The problem seems to be occurring somewhere inside libc! A system call trace ends with:
Connecting to server smtp.org.com on port 25
write(1, "C o n n e c t i n g t o s e ".., 51) .......................... = 51
open("/etc/nsswitch.conf", O_RDONLY, 0666) ............................... [entry]
open("/etc/nsswitch.conf", O_RDONLY, 0666) ................................... = 5
Received signal 11, SIGSEGV, in user mode, [SIG_DFL], partial siginfo
Siginfo: si_code: I_NONEXIST, faulting address: 0x400118fc, si_errno: 0
PC: 0xc01980eb, instruction: 0x0d3f1280
exit(11) [implicit] ............................ WIFSIGNALED(SIGSEGV)|WCOREDUMP
Last instruction by the program:
struct hostent *him;
him = gethostbyname(name); // name == "smtp.org.com" as shown by gdb
Is this a problem with the system, or am I missing something?
Any guidance for digging deeper would be appreciated.
Thx.

Long story short: vsnprintf corrupted my heap under HP-UX 11.11.
vsnprintf was introduced in C99 (ISO/IEC 9899:1999) and "is equivalent to snprintf, with the variable argument list" (§7.19.6.12.2), snprintf (§7.19.6.5.2): "If n is zero, nothing is written".
Well, HP UX 11.11 doesn't comply with this specification.

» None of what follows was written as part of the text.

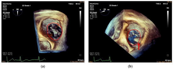 Three-dimensional comparison of TA morphology before and after K-Clip™ implantation. (a): Three-dimensional TEE work plane showing the TA morphology before annuloplasty; (b): the same view showing the TA (red dotted line) and clip position (red arrow) after intervention.

When 2nd arg == 0, arguments are written at the end of the 1st arg.. which, of course, corrupts the heap (I allocate no space when maxsize==0, given that nothing should be written).
HP manual pages are unclear ("It is the user's responsibility to ensure that enough storage is available."), nothing is said regarding the case of maxsize==0. Nice trap.. at the very least, the WARNINGS section of the man page should warn std-compliant users..
It's an egg/chicken pb: vnsprintf is variadic, so for the "user's responsibility" to ensure that enough storage is available" the "user's responsibility" must first know how much space is needed. And the best way to do that is to call vnsprintf with 2nd arg == 0: it should then return the amount of space required and sprintfs nothing.. well, except HP's !
One solution to use vnsprintf under this std violation to determine needed space: malloc 1 byte more to your buffer (1st arg) and call vnsprintf(buf+buf.length,1,..). This only puts a \0 in the new byte you allocated. Silly, but effective. If you're under wchar conditions, malloc(sizeof..).
Anyway, workaround is trivial : never call v/snprintf under HP-UX with maxsize==0!
I now have a happy stable program!
Thanks to all contributers.
Heap corruption through vsnprintf under HP-UX B11.11
This program prints "##" under Linux/Cygwin/..
It prints "#fooo#" under HP-UX B11.11:
#include <stdarg.h>
#include <stdio.h>
const int S=2;
void f (const char *fmt, ...) {
va_list ap;
int actualLen=0;
char buf[S];
bzero(buf, S);
va_start(ap, fmt);
actualLen = vsnprintf(buf, 0, fmt, ap);
va_end(ap);
printf("#%s#\n", buf);
}
int main () {
f("%s", "fooo");
return 0;
}

Whenever this situation happens to me (unexpected segfault in a system lib), it is usually because I did something foolish somewhere else, i.e. buffer overrun, double delete on a pointer, etc.
In those instances where my mistake is not obvious, I use valgrind. Something like the following is usually sufficient:
valgrind -v --leak-check=yes --show-reachable=yes ./myprog
I assume valgrind may be used in HP-UX...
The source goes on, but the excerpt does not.